Hello: I am looking at the RHEL 5.4 virtualization guide. According to Chapter 17, if I want to use KVM on my machine, I need to check if it has the constant Time Stamp Counter by running this: cat /proc/cpuinfo | grep constant_tsc When I do that on the server (Currently running CentOS 5.3), I do not get any output. According to the output, that means my system does not have the counter. It then gives me instructions for AMD revision F CPUs. I did a search and did not find anything that seems relevant to revision F. The only stuff I am finding is talking about socket F. Is that the same things as a Socket F CPU or something different? Thanks, Neil -- Neil Aggarwal, (281)846-8957, www.JAMMConsulting.com Will your e-commerce site go offline if you have a DB server failure, fiber cut, flood, fire, or other disaster? If so, ask about our geographically redundant database system.

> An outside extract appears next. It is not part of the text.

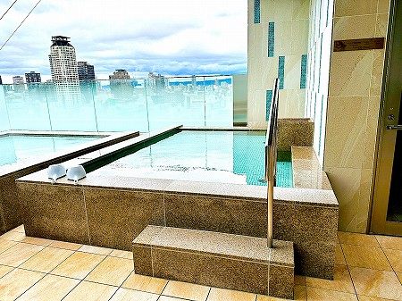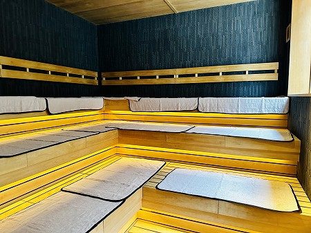 広々とした展望露天スペースの中に男女共通・オートロウリュ式のサウナが設置されています。展望露天風呂、サウナ、水風呂、外気浴がスムーズに行えます。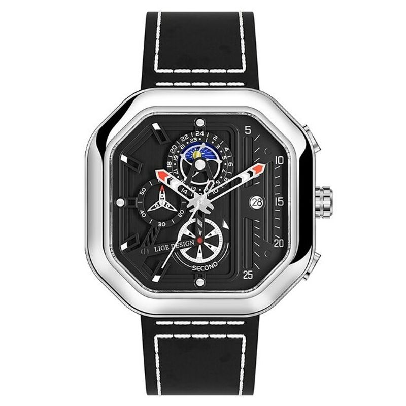 Ceas barbatesc Lige Octogon Piele Cronograf Data Argintiu Ceas barbatesc Lige Octogon Piele Cronograf Data Argintiu

On Sun, Oct 18, 2009 at 7:53 AM, Neil Aggarwal <neil at jammconsulting.com> wrote:> It then gives me instructions for AMD revision F CPUs. > I did a search and did not find anything that seems relevant > to revision F. ?The only stuff I am finding is talking about > socket F. Is that the same things as a Socket F CPU or > something different?For example, http://www.chiplist.com/AMD_Athlon_64_processor/tree3f-section--2103-/ may help. Akemi
On Sunday 18 October 2009 10:53:07 Neil Aggarwal wrote:> It then gives me instructions for AMD revision F CPUs. > I did a search and did not find anything that seems relevant > to revision F. The only stuff I am finding is talking about > socket F. Is that the same things as a Socket F CPU or > something different?No, Rev F is different than Socket F ... you can get a Turion X2 TL for a laptop with socket S1 but still running a Rev F chip Rev F originally meant the dual core socket F chips built in 90nm but later other chips derived from the opterons but used different sockets kept the rev F... If you want to know the socket, you can run dmidecode. Look for the processor section and under there Socket Information. Most boards (at least all but one of the ones I'm running right now) provide you a proper socket identifier. Peter. -- Censorship: noun, circa 1591. a: Relief of the burden of independent thinking.